A straightforward calculation shows that total rebates = number of units x rebate per unit. Therefore, if an established product is doing a high volume with a lower rebate, it’s difficult for a new product entrant to offset the total rebate dollars, even with a higher per unit rebate.

While stakeholders struggle to address this new market upheaval, and understand how it will impact business, let’s raise a few critical questions around new products coming in at a lower net price:

  •  Will it be easy for an existing product to simply match the price in order to keep market share? Conversely, will products having the most attractive cost, in combination with measurable outcomes, become the product of choice? 

  • Will this drive manufacturer/payer/PBM arrangements more quickly toward value-based contracting-already an important trend-especially for those that have been slow to adopt? 

  • Will branded products go the route of generic injectables, in which, at least in some cases, the pricing has dropped so low that many manufacturers have exited the space, creating a shortage in the market.

  • Will this change mean drug price stabilization, or launch a race to the bottom? 

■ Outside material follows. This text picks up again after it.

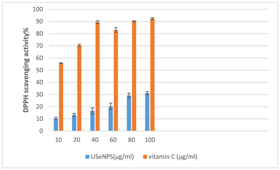 The effect of different concentrations of USeNPS on DPPH radical scavenging activity with (IC50) 158.02 ± 0.07 and 4.48 ± 0.01 for USeNPS and vit. C (reference drug), respectively.

Because a value-based approach seems inevitable, now more than ever, manufacturers, payers and channel participants should take a closer look at the benefits-and challenges-of value-based contracting (VBC).

Value-based contracting

A VBC blueprint offers strategies and guidance for successful negotiations that respond to changes resulting from regulatory and market pressures to reduce cost without compromising safety and quality. 

While value-based care with value-based contracting is touted as a solution to the challenges of affordability and sustainability in today’s marketplace, the operational complexity of implementing these types of arrangements, as well as the financial risks for manufacturers, must be carefully evaluated and navigated.

Many companies simply shy away from the opportunity and forego meaningful revenues, but the key to success lies in optimizing a strategy to show the value of a product to each health plan/payer, circumventing risk, and driving optimal reimbursement.

It’s important to understand the impact of bundled payments, accountable care, comparative effectiveness research (CER), evidence-based medicine (EBM), and payments linked to performance. Complex regulatory issues must also be addressed in order to successfully negotiate value-based payment models.

Given the paradigm shift and growing calls for innovative approaches to commercialization, pricing, and reimbursement, stakeholders should seek a commercial services partner with expertise in the legal and business details surrounding commercial or government arrangements for payers. The right partners can also guide manufacturers on how to demonstrate flexibility and communicate their understanding and appreciation of stakeholder expectations.

VBC is an opportunity waiting to happen. The proposed rule should serve as a wake-up call, prompting stakeholders to seek the knowledge, expertise, and experience they need to achieve measurable results.